De pie a su lado, sentí una punzada en el pecho. Yo jamás había logrado hacerlo tan feliz, mientras que Bernice lo conseguía con una facilidad que me dolía en el alma.
"Tío", dijo Nick, pasándose los dedos por la nuca. "Mi madre le envió a Bernice algunos regalos, con la esperanza de que se vea aún más radiante cuando conozca a Kral mañana".
Sacó una caja de terciopelo negro y la abrió. Dentro había juegos de aretes, collares y anillos con diseño de lirios, confeccionados con diamantes y perlas. Los diamantes perfectamente tallados destellaban; Bernice tomó un arete de la felpa de terciopelo y lo acarició con total satisfacción. Observé en silencio cómo las hermosas joyas adornaban su rostro, luego bajé la cabeza hacia las sombras, recordando el último collar de perlas que me había dejado mi madre.
Aunque me esforzaba por no llamar la atención de los tres comensales, Bernice siempre necesitaba un público más grande.
"Tú", ordenó, golpeando la mesa. Justo cuando pasaba junto a mi padre para retirar su plato, me miró de reojo y me tendió la mano. "Ponme este anillo".

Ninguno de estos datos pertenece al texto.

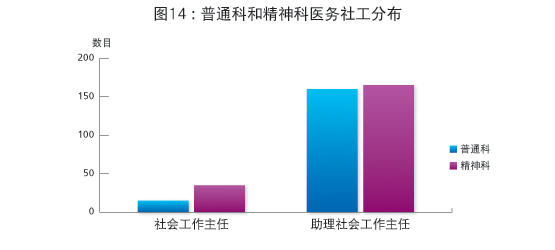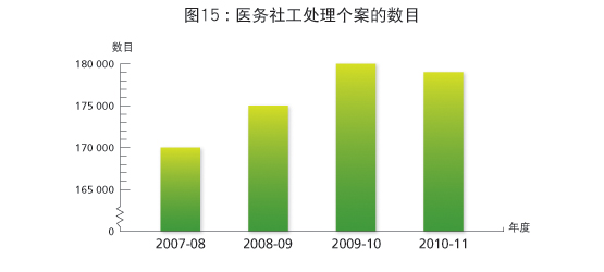 截至2011年3月31日,社会福利署(下称「社署」)共有400名医务社工。在2010-11年度,医务社工共处理约179 000宗个案。普通科和精神科医务社工分布(图14)及医务社工由2007-08至2010-11年度处理个案的数目 (图15)如下: |

Vi el otro anillo en su dedo, el mismo que había estado buscando en la piscina. El frío punzante del agua helada pareció invadirme de nuevo. Creí que me estaba dando fiebre. Me sentía mareada y con náuseas. Intenté contenerme, dispuesta a tomar el anillo de lirio de la mesa para ponérselo.
"Espera", Nick me miró de repente y sonrió como si apenas notara mi presencia. "Qué descuido de mi parte olvidar a la otra hija de mi tío. Traje un regalo para Bernice y olvidé el tuyo. No te enfades conmigo, Delia".
Su sonrisa parecía muy amistosa, pero el rostro de Bernice se ensombreció de inmediato: "Por favor, Nick, solo es una perdedora que ni siquiera tiene loba. Es la vergüenza de nuestra manada. ¿Qué joyas podrías tener para ella? ¿Acaso se va a presentar ante el noble Kral mañana? Solo nos dejaría en ridículo".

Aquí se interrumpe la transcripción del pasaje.